Tax considerations for furnished holiday lets

Senga Prior

Senga Prior

Tax Senior Manager

08 August 2021

This article first appeared in Scottish Farming Leader, NFU Scotland’s members’ magazine.

A popular way for farmers to generate additional income is the letting of excess farm cottages as furnished accommodation on short-term lets, also known as furnished holiday lets (FHLs). Some have gone even further, building bespoke cottages or cabins.

These FHLs have several tax advantages over longer term lets, such as:

  • Capital allowances can be claimed on furniture rather than only replacement expenditure being deductible.
  • FHL profits are classed as relevant earnings for pension contributions.
  • Mortgage interest relief is not restricted for FHLs. For long term lets the relief is restricted to 20%.
  • Profits can be split in a different ratio to the beneficial ownership.

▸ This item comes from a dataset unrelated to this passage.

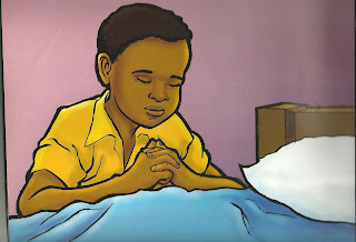 ( fig.4 ) MADUGU não esperou nem mais um minuto. Correu para o quarto que o missionário havia lhe dado, fechou a porta e se ajoelhou perto da cama. E orou assim: - Querido Jesus, estou pronto para recebê-lo agora. Por favor, venha e faça o meu coração ficar limpo. E por favor, deixe-me ser seu amigo. Quando ele subiu para a cama, estava muito feliz, quase não conseguiu dormir.

It is important to be aware that FHL income is standard rated for VAT.

In certain circumstances, some capital gains tax reliefs may be available; namely, Business Asset Disposal Relief, Hold Over Relief and Roll Over Relief.

For accommodation to qualify as an FHL, it must meet the following conditions:

  • Available for 210 days in the year (any periods of owner use are excluded).
  • Commercially let for at least 105 days in the year not including:
    • occupation by friends or family at a non-commercial rate
    • any period of occupation of over  31 days by same person
  • The total of all lets of over 31 days must not exceed 155 days in the year.

Due to COVID-19 restrictions, many landlords may be concerned about meeting these conditions. There are two elections available that may help.

The averaging election allows landlords with multiple FHLs to average occupancy across all properties.

The period of grace election can be used where there was a genuine intention to let but due to unforeseen circumstances this was not possible. The property must have met the FHL conditions the year before the first year of election. A second election is possible the following year.

Finally, as FHLs are residential property, they are subject to the new 30-day capital gains tax (CGT) regime. This means that an online return may be required within 30 days of completion of sale/gift.

The tax rules for FHLs can be complicated, and we recommend consulting your tax adviser to ensure you are fully aware of all the implications.